The study, which draws on data collected from following hundreds of elderly Pittsburghers for more than 15 years, was published in the Journal of Alzheimer’s Disease. The main finding is that arterial stiffness is a good proxy for predicting who will go on to develop dementia. Meanwhile, they found that even minor signs of brain disease were not as telling. Since arterial stiffness can be reduced by antihypertensive drugs, and likely also lifestyle interventions, these findings suggest that at-risk patients may have the power to prevent or delay the onset of dementia.
“As the large arteries get stiffer, their ability to cushion the pumping of blood from the heart is diminished, and that transmits increased pulsing force to the brain, which contributes to silent brain damage that increases dementia risk,” said senior author Rachel Mackey (GSPH ’90, ’98), an assistant professor of epidemiology in the Graduate School of Public Health. “Although arterial stiffness is associated with markers of silent, or subclinical, brain damage and cognitive decline, until now, it was not clear that arterial stiffness was associated with the risk of dementia.”

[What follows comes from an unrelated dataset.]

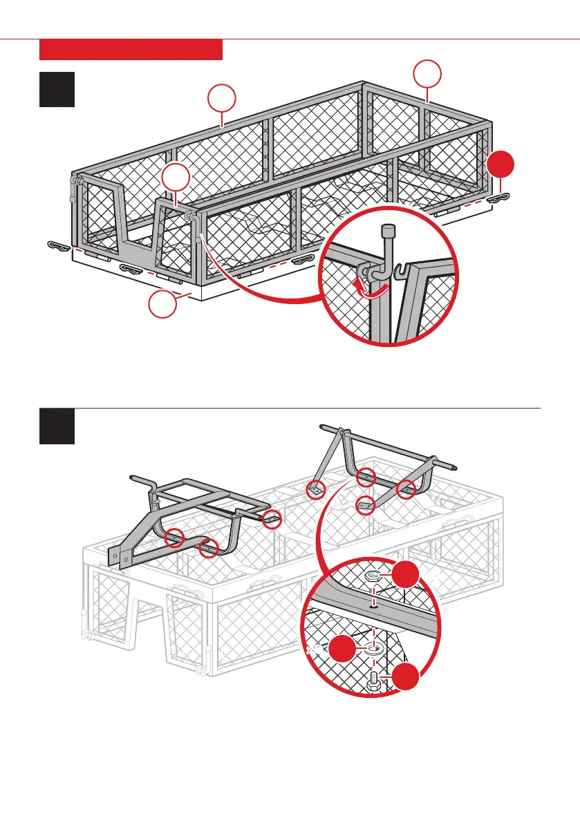 Attach the completed item from steps 2 to part A bottom frame using four part 3 bolts, four part 5 nuts,

The authors analyzed the association between arterial stiffness and dementia among 356 older adults, with an average age of 78, who were part of the Cardiovascular Health Study Cognition Study, a long-term study to identify dementia risk factors. This study is unusual because it had 15 years of almost complete follow-up of cognitive status and outcomes for older participants. All participants included in the present study were dementia-free when the study started in 1998.
And although arterial stiffness is correlated with risk factors for cardiovascular disease, these confounding variables did not explain the results.
“It’s very surprising that adjusting for subclinical brain disease markers didn’t reduce the association between arterial stiffness and dementia at all,” said Chendi Cui, first author on the paper and doctoral student at Pitt Public Health. “We expect that arterial stiffness increases the risk of dementia partly by increasing subclinical brain damage. However, in these older adults, arterial stiffness and subclinical brain damage markers appeared to be independently related to dementia risk.”
That’s promising because there isn’t much evidence that it’s possible to reverse subclinical brain disease, whereas arterial stiffening can be reduced by antihypertensive medication and perhaps also healthy lifestyle changes such as exercise.
“What’s exciting to think about is that the strong association of arterial stiffness to dementia in old age suggests that even at age 70 or 80, we might still be able to delay or prevent the onset of dementia,” Mackey said.
Additional authors on the study include Akira Sekikawa, Lewis Kuller, Oscar Lopez, Anne Newman and Allison Kuipers — all of Pitt.